Ivory Lane offers earrings for Sg$160 ($120) and necklaces for Sg$800 ($585), and insists its products are made from ivory that was obtained before 1990, when an international ban on the trade began.

It is still legal in Singapore to export and import products made from ivory sourced before the ban took effect.

The shop's Facebook page shows a picture of women wearing the items, with the message: "Ivory is a secret desire for most girls."

But consumers in the affluent city-state reacted with outrage, flooding the store's page with hundreds of angry comments and demanding its closure. The demand for ivory, particularly in Asia, has contributed significantly to the decline in elephant populations worldwide.

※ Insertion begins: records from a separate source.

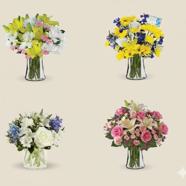 Imagine the joy lighting up a loved one's face as they receive a stunning arrangement of flowers, each bloom whispering tales of love, admiration and appreciation. With this service, you're not just sending flowers; you're orchestrating moments of delight and weaving memories that last a lifetime. Handpicked, handcrafted, and hand-delivered with utmost care, these New Baby floral arrangements transcend mere gifts—they become cherished experiences. Choose from 6 radiating bouquets of gorgeous fresh flower arrangements to suit any taste or budget.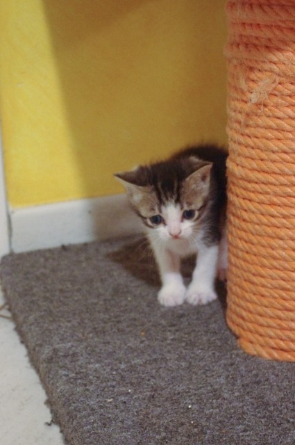 Mapi fait parti d’une portée de 4 chatons (avec Maki, Motus et Moustique). Ils sont encore avec leur mère et sont en cours de sevrage.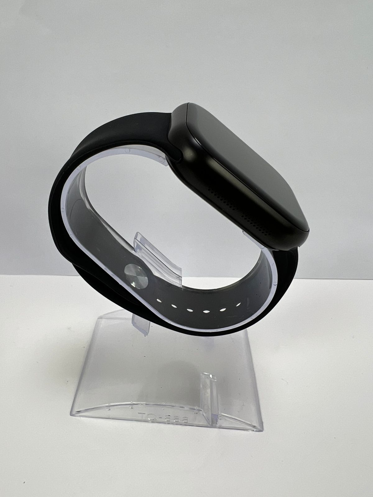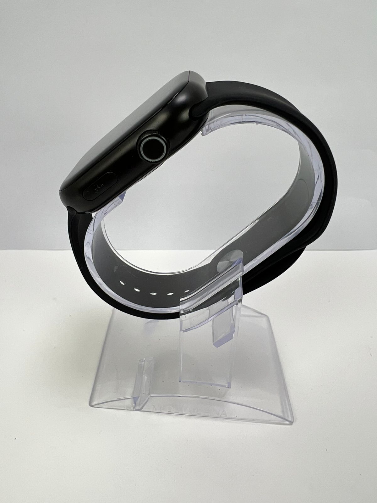 Cuerpo de reloj negro con botón lateral.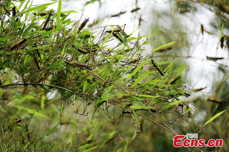 Hot weather and droughts have recently left locusts running wild in some areas in Changsha, south China's Hunan Province. Statistics showed a total of over 30,000 mu (15mu=1hectare) bamboo groves as well as 10,000 mu rice fields are swept across. [CNS Photo/Yang Huafeng]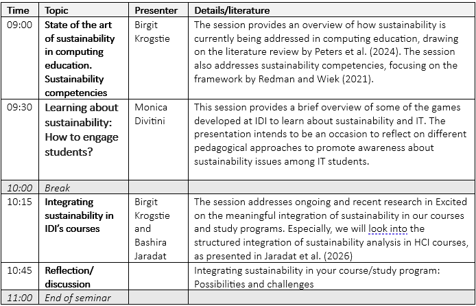 Centre for Excellent IT Education, Excited, aims at bringing Norway in the forefront of innovative IT education and making IT an increasingly more attractive study choice for young people. These webinars aim at creating arenas for discussions and reflection among the teaching staff. Each webinar will be held in Zoom and include a presentation and a Q&A session.

"This is an outrageous business! You are creating demand for a product made from a terrible human practice!" Facebook user Laura Goddard wrote on Ivory Lane's page on the social networking site.

Jason Baker, a spokesman for campaign group People for the Ethical Treatment of Animals (PETA), questioned who would want to collect "fragments of a tortured, dead elephant".

"Vintage ivory sends the same, unacceptable message as new ivory -- that it is ok to maim and kill animals for the sake of vanity," he told AFP.

In a statement issued Monday, Ivory Lane's owner Ivy Chng noted the "unhappiness" online but insisted that the ivory she was selling was "completely legal" in Singapore.

"We only offer the purest form of ivory, sourced from the natural environments of central Africa," she said.